Anyone frequent dollar stores? You're doing more damage to your economy than any war, or any president ever did.

I ask you, when's the last time anyone here bought anything and expected it to last 10 years? Or even wanted it to?
 

highwayman

New Member
What bothers me is that they export a very second rate, barely servicable product, and american consumers lap it up like mother's milk ... sending US manufacturers out of business. I see it every day on a welding site I frequent. Yet another moron bought the cheap ass chinko arc/tig/plasma combo unit and is suprised when half the connections got knocked loose in shipping. Or the HF mill-lathe combo that can't cut straighter than pinking shears. Or any one of a thousand other cope outs.

This is the consumers fault, they buy the bottom end bargen basement unit and expect high end performance..Hell I am guilty in buying the cheap shit too, only when I don't think I will use it more then a couple times before it rusts in the corner and consider myself lucky if it last 5 uses before it breaks...
 

Gonz

molṑn labé
Staff member
Good. I hope we tear th eshit out of the environement. Then we can all die & quit listening to people piss & moan about how bad the US is.
 

MrBishop

Well-Known Member
According to this
http://globalis.gvu.unu.edu/indicator_detail.cfm?country=US&indicatorid=13

China has far less ecological impact per person than the US.

Wait until their Hydroelectric dams go up... then you'll see a difference. They're relocating upwards of 1 million people for just one of them.

While its true that as individuals, they have a smaller footprint, as a whole, their env. impact is profound and getting worst. 30% growth year over year of car ownership alone will have a huge impact within this decade.

It'll get worst as they try to drag themselves into the 'First world'.

* One example of their policies going awry is their population-control methods. Limiting the number of children per household was supposed to make consumption more tolerable...what it did was increase the number of families (smaller), which increased the number of households, homes (wood-use to build those homes), vehicles (and the gas to burn for them), home-electronics (more stoves, fridges etc.), more roads and all that good stuff.
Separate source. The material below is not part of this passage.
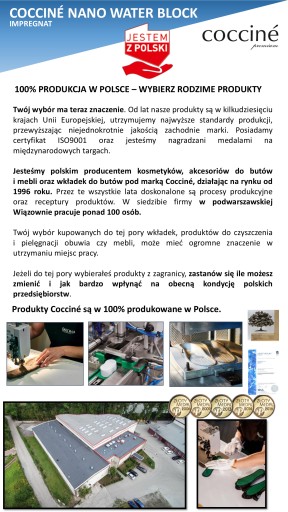 Cocciné Nano Water Block zawiera nanocząsteczki, co czyni go najskuteczniejszym impregnatem. Działa najdłużej, szybko tworzy się powłoka ochronna, jest bardzo skuteczny i wielofunkcyjny – ochronisz nim nie tylko buty, ale i parasole, czapki a nawet ... namiot

Their consumption-level per household is up a bit and rising, but when you take in the fact that the number of households is increasing, the math becomes scary. :eek3:
 

Professur

Well-Known Member
Another big problem the chinese face is that although they've got the third largest country in terms of landmass, fully a third of it is useless for development. Right now, their biggest troubles revolve around water. They had a major chemical spill into a water supply just this week, and only a few weeks back had one of the major water courses running red from an unidentified contaminant.
 

highwayman

New Member
China has far less ecological impact per person than the US.

Per person? China has a problem with over population..

http://www.cpirc.org.cn/en/enews20060107.htm
BEIJING, Jan.7 - China's population and family planning minister said here on Friday that China will work to limit its mainland population below by 1.37 billion 2010.

Since China has a higher population then what America has the impact per person would be lower with the higher populated country...

https://www.cia.gov/cia/publications/factbook/geos/us.html#People

Population:
298,444,215 (July 2006 est.)
Age structure:
0-14 years: 20.4% (male 31,095,847/female 29,715,872)
15-64 years: 67.2% (male 100,022,845/female 100,413,484)
65 years and over: 12.5% (male 15,542,288/female 21,653,879) (2006 est.)
Median age:
total: 36.5 years
male: 35.1 years
female: 37.8 years (2006 est.)
Population growth rate:
0.91% (2006 est.)
 

Professur

Well-Known Member
Let's not overlook the fact that 30% of the US (and most western countries) population will die off unreplaced within the next 20 years, based on current birth rate projections.